Из пуда муки выходит целая четверть, да за работу двугривенный... Дешево и сердито! Можете судить, что это за нектар получается. Сама она крепчайшая, цветом зеленая, на вкус противная... Пьешь - точно гвозди глотаешь.
А наши сибирские остяки-инородцы ее очень правильно называют: "огненная вода". Ловко сказано! Именно - огненная... Ну-с, - обратился он снова к Душкову, - где ж старичишка?
- Обмер, ваше высокородие. Очень перепугался, - отвечал солдат прежним веселым тоном.
Оба они, видимо, ликовали. Оба улыбались, глядя друг на друга, но, несмотря на улыбки, вид у них был какой-то сумрачный. Воротники у них и околыши на фуражках были черные, канты на шинелях и на погонах тоже черные, и оба они производили впечатление чего-то мрачного и траурного.
- Что за полк? - спросил иностранец, наклоняясь к капитану и разглядывая мрачные мундиры.
- Тюремная команда, - шепнул в ответ капитан и громко обратился к офицеру: - Водки не дурно бы выпить... Только уж вы старика-то не трогайте. Шут с ним!
- Зачем трогать! Мы с ним по-приятельски войдем в соглашение. Я заплачу ему хорошо... Честью клянусь, хорошо заплачу, да еще спасибо скажу. И его самого напою. Эй, Душков! Айда! Веди к старику.
Они ушли, а на палубе начали накрывать для капитана обеденный стол.
II
Когда свечерело, на мачте у "Сокола" и на задней барже подняли по фонарю. Они висели высоко над рекою среди сумерек и простора ясными точками, как две новые планеты. Из-за холмов поднималась луна огромным бледно-розовым шаром, легким и золотистым, почти прозрачным. Пароходные колеса монотонно шумели и будоражили воду, и далеко за "Соколом" тянулся по Иртышу волнистый след. Дальний огонек баржи и луна отражались в реке, и серая зыбь и темные стремнины сверкали, чернели и дробились на бегу золотыми брызгами.
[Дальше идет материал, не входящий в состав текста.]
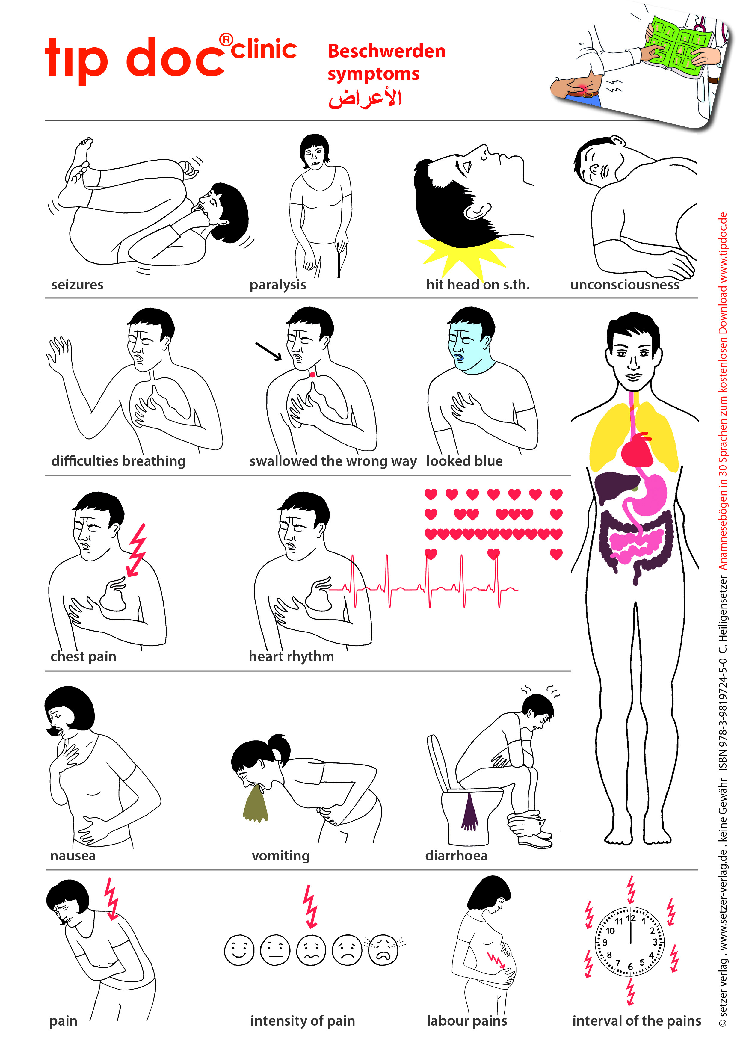19 anschauliche Bilder für die Verständigung mit fremdsprachigen Patienten zum Antippen. Abreißblock. Jedem Patienten sein eigenes Blatt. Hygienisch sicher. Thema: Beschwerden - Symptome

На палубе вокруг стола сидели с капитаном прежние пассажиры. Перед ними был чай в стаканах, перед некоторыми брага, а перед офицером в чайнике стояла водка, которую он иногда разливал по чашкам и, выпивая, закусывал огурцом. Рядом с офицером сидел владелец водки, кудрявый старик, крепкий и низкорослый, в теплой поддевке татарского покроя.
- Для меня вы очень интересный человек, - сказал, обращаясь к нему, иностранец. - Все, что вы говорили о себе, так для меня неожиданно... Как ваше имя, чтобы я мог называть вас?
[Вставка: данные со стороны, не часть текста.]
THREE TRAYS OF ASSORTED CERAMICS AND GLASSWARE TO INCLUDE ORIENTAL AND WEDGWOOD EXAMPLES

Старик крякнул, покосился на офицера и на учителя, потом взглянул на чиновника и, привставши, отрекомендовался:
- Прежде был переяславский мещанин Николай Саввич Щеголихин, а теперь, как уже доложил, являюсь ссыльным Российской империи... ограничен в правах и могу присутствовать только на той стороне реки, а вот на этой - не могу. Еду хотя посередке того и другого, между двух берегов, но контрабандой... И вот господин офицер меня давеча в дрожь вогнали: думал, сейчас меня схватят за мою самосидку и - конец моему беззаконному путешествию! Оказалось же, господин офицер, вы приятный человек и зла мне нисколько не желаете. Давайте поэтому - еще по чарочке?..
Офицер, видимо захмелевший, взял чайник, налил две чашки, потом поднял высоко над головою руку и, погрозив в воздухе пальцем, сказал Щеголихину:
- Какие там ссыльные... какая там контрабанда... Не болтайте пустого! Вы ничего не говорили, я ничего не слыхал. Пьем - и никаких разговоров!
Оба выпили. Офицер потряс головой и, обмакнув огурец в солонку, откусил половину, а Щеголихин осторожно, почти нежно, отломил от черного хлеба кусок корки, поднес его к одной ноздре, потом к другой, понюхал обеими ноздрями и положил обратно.
- А вас, позвольте узнать, как величают? - спросил Щеголихин, глядя на иностранца ласковыми глазами.
- Меня зовут Хельсн... Марк Хельсн. Родина моя Норвегия, моя специальность - химия. Я давно знаю Россию, люблю ее язык, люблю русских людей, кроме тех, которые сами называют себя "истинно русскими". Извиняюсь, я, может быть, говорю резко, но от этих слов веет чемто затхлым, недоброжелательным, и я не люблю их.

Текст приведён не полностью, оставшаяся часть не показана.